In recent seasons, Pitt has played pretty well with three-guard alignments, and he is currently the third guard right now. He has played 30+ minutes in back-to-back games, and that is a number that does not seem like too much for him, either, and should be somewhat sustainable moving forward.

Whatever happened with his playing time is now in the past, and in the present, Pitt has a talented freshman guard who can and is helping the team right now.

What challenges does Notre Dame present?

Pitt plays Notre Dame tomorrow, and if you were to look up some information on the Irish right now, you would probably see a bunch of headlines about head coach Micah Shrewsberry.
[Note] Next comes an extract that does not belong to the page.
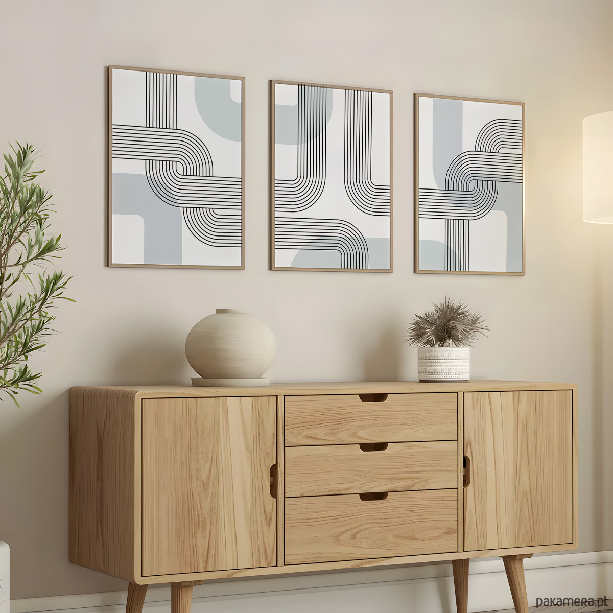Zestaw 3 geometrycznych plakatów liniowych, do salonu, sypialni.
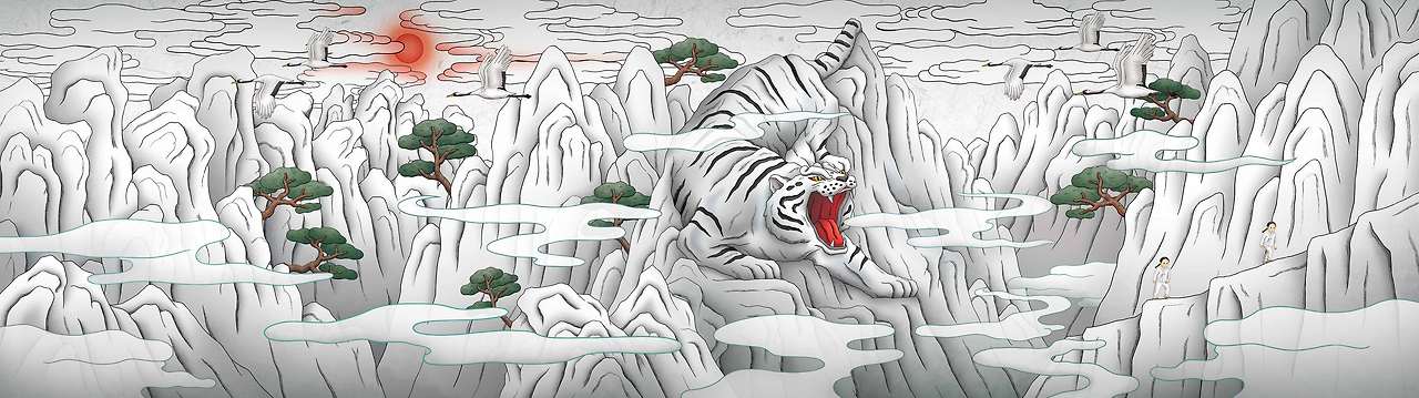 태산들을 지나면 꽃피는 흰 무궁화와 백호

The second-year Notre Dame head coach went on a bit of a rant following the team’s loss to Louisville on Sunday evening. Shrewsberry was animated, but more in the spirit of sticking up for his players around negative headlines.

To follow up that outburst, the Irish lost by 24 points to SMU on Wednesday night.

Notre Dame has lost five out of six, and comes into tomorrow’s contest with an 11-15 overall record and a 5-10 mark in the ACC. Shrewsberry surprisingly guided Penn State to the NCAA Tournament two years ago, but he in the thick of a rebuilding project in South Bend. As mentioned previously, this is simply part of the schedule where Pitt needs to advantage. Notre Dame is not without weapons, but as a whole, there is a reason this team only has 11 wins.

The Irish anchor their team with a pair of sophomore guards: Markus Burton and Braeden Shrewsberry, who is indeed the son of the head coach. Burton tops the ACC in scoring at 20.3 points per game, while the younger Shrewberry is third in the league with 72 made 3-pointers this season. If this duo stays together, success will eventually follow, for this talented, young back court, but for now, there are too many holes elsewhere on the roster, aside from perhaps junior forward Tae Davis

The Irish only won 13 games last season, and there is a reason they have struggled this year as well. Notre Dame is not an overly deep team, and has gone 7-22 since a 4-0 start to the season. Pitt is not without its own faults and struggles, of course, but going into tomorrow, this is a game and matchup where the Panthers have to pounce on the opportunity.

ONE PREDICTION

Pitt makes it three in a row

To save all the suspense, the prediction this week is that I believe Pitt is going to win tomorrow. The Panthers have not won three consecutive games since winning five straight from December 7th to January 4th.

Pitt has obviously struggled for some time now and ultimately worked itself to the wrong side of the bubble because of it, but there is still somewhat of a chance here to collect some wins down the stretch and at least get themselves in the conversation for a tournament bid.

I do not want to put too much stock into wins over teams like Miami and Syracuse, but it did feel like the Panthers found some things over these past two games. Pitt figured out a way to win without Jaland Lowe against the Hurricanes, and then popped off for their best half of basketball against the Orange just a few days later incorporating him back on the floor.

Pitt’s second half explosion in the Syracuse game showed what this team can do when it is clicking. There were guards driving with purpose, and shooters stepping into shots when they kicked it to them. Not only that, Pitt at least held ground defensively against one of the league’s best rebounders, too, something this team hasn't done much of this year.

For the first time, since probably November, the Panthers actually looked like the team many expected them to be this season. Pitt had some good early season moments, but this is a group that lost their way. Perhaps it is too late and the damage is already done to their resume, or maybe not all is lost. I think Pitt at least wins tomorrow, and lives to see another few days.